> Exercise brief
Please return the full listing word for word, leaving out any pictures.

> Available data

○ ○ ○

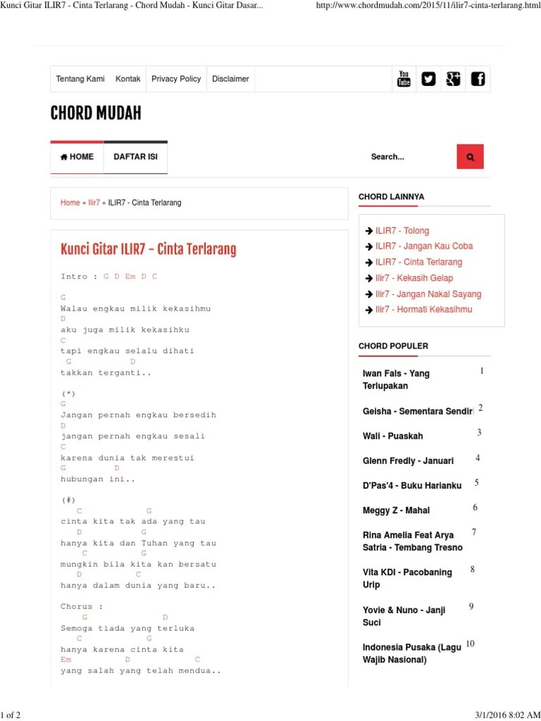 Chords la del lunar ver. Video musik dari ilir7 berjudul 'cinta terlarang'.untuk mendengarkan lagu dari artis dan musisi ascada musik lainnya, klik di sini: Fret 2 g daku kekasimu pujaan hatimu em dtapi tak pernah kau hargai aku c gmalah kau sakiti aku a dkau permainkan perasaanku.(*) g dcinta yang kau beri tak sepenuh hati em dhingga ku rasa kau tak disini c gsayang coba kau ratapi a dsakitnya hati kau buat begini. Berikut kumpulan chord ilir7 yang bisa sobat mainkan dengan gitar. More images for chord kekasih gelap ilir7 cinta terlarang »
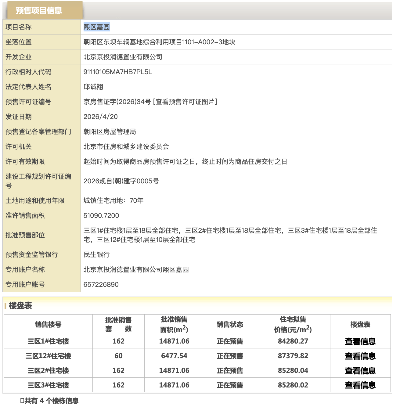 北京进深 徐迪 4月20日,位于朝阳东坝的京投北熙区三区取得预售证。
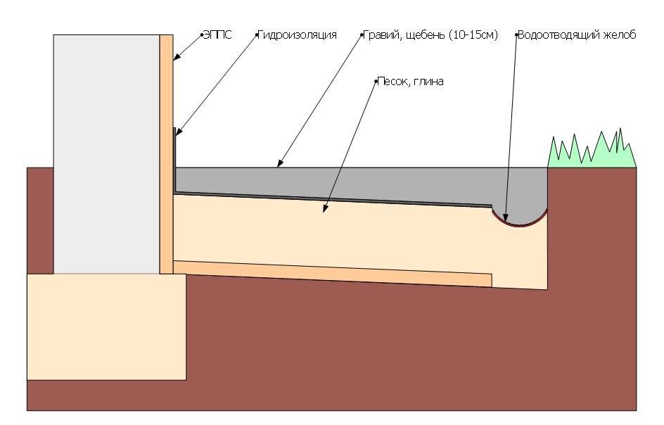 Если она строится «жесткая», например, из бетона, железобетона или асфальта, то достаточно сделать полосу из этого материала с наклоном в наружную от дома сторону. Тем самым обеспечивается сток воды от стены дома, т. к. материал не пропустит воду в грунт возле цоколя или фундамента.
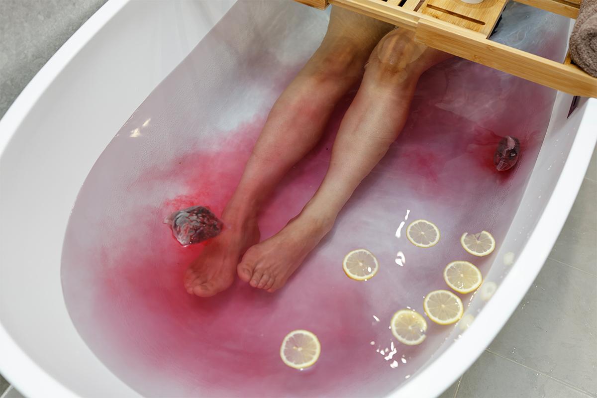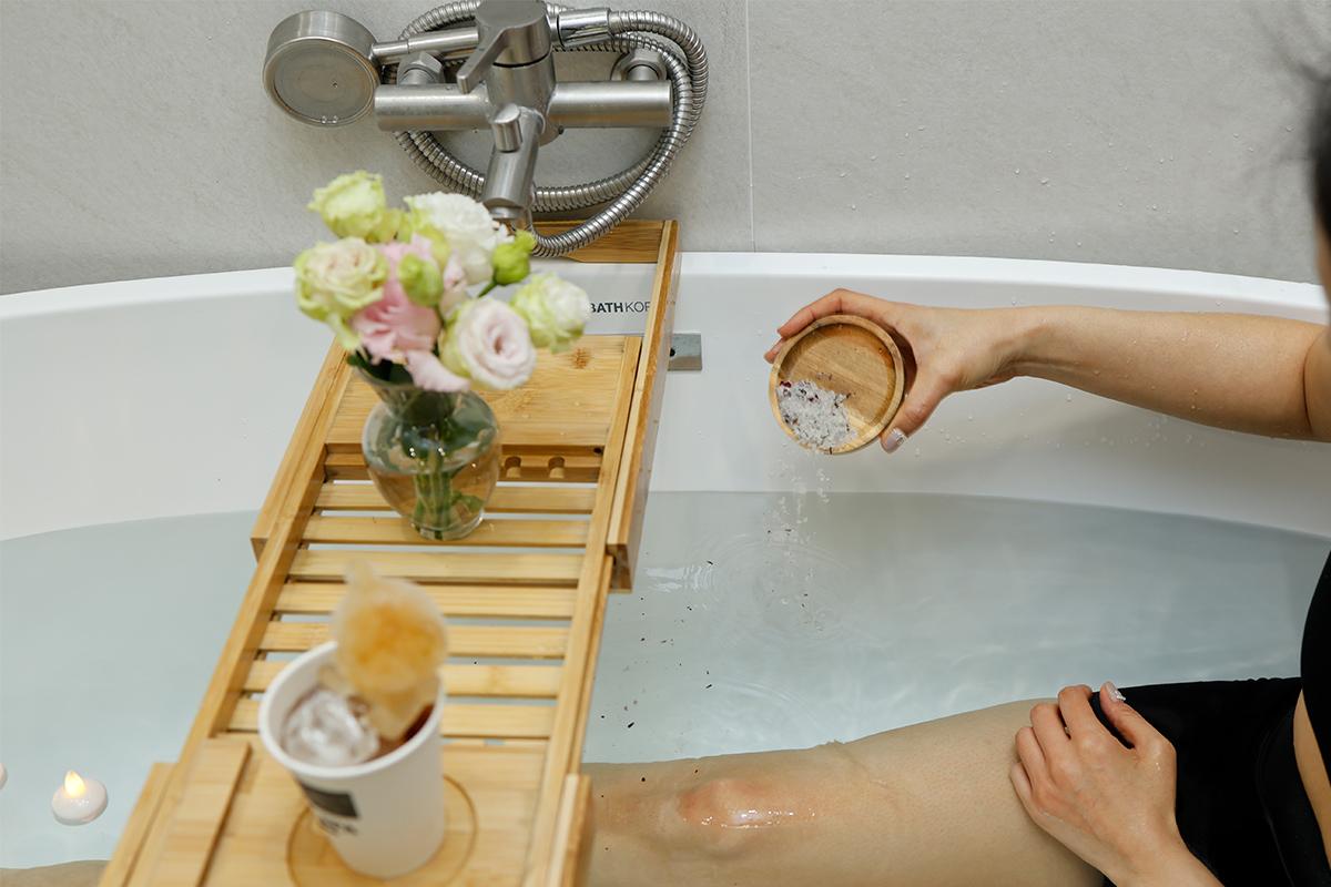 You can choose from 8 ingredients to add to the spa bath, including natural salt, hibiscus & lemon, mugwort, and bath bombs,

○ ○ ○

> Solved problem
 Chords la del lunar ver. Video musik dari ilir7 berjudul 'cinta terlarang'.untuk mendengarkan lagu dari artis dan musisi ascada musik lainnya, klik di sini: Fret 2 g daku kekasimu pujaan hatimu em dtapi tak pernah kau hargai aku c gmalah kau sakiti aku a dkau permainkan perasaanku.(*) g dcinta yang kau beri tak sepenuh hati em dhingga ku rasa kau tak disini c gsayang coba kau ratapi a dsakitnya hati kau buat begini. Berikut kumpulan chord ilir7 yang bisa sobat mainkan dengan gitar. More images for chord kekasih gelap ilir7 cinta terlarang »
 北京进深 徐迪 4月20日,位于朝阳东坝的京投北熙区三区取得预售证。
 Если она строится «жесткая», например, из бетона, железобетона или асфальта, то достаточно сделать полосу из этого материала с наклоном в наружную от дома сторону. Тем самым обеспечивается сток воды от стены дома, т. к. материал не пропустит воду в грунт возле цоколя или фундамента.
 You can choose from 8 ingredients to add to the spa bath, including natural salt, hibiscus & lemon, mugwort, and bath bombs,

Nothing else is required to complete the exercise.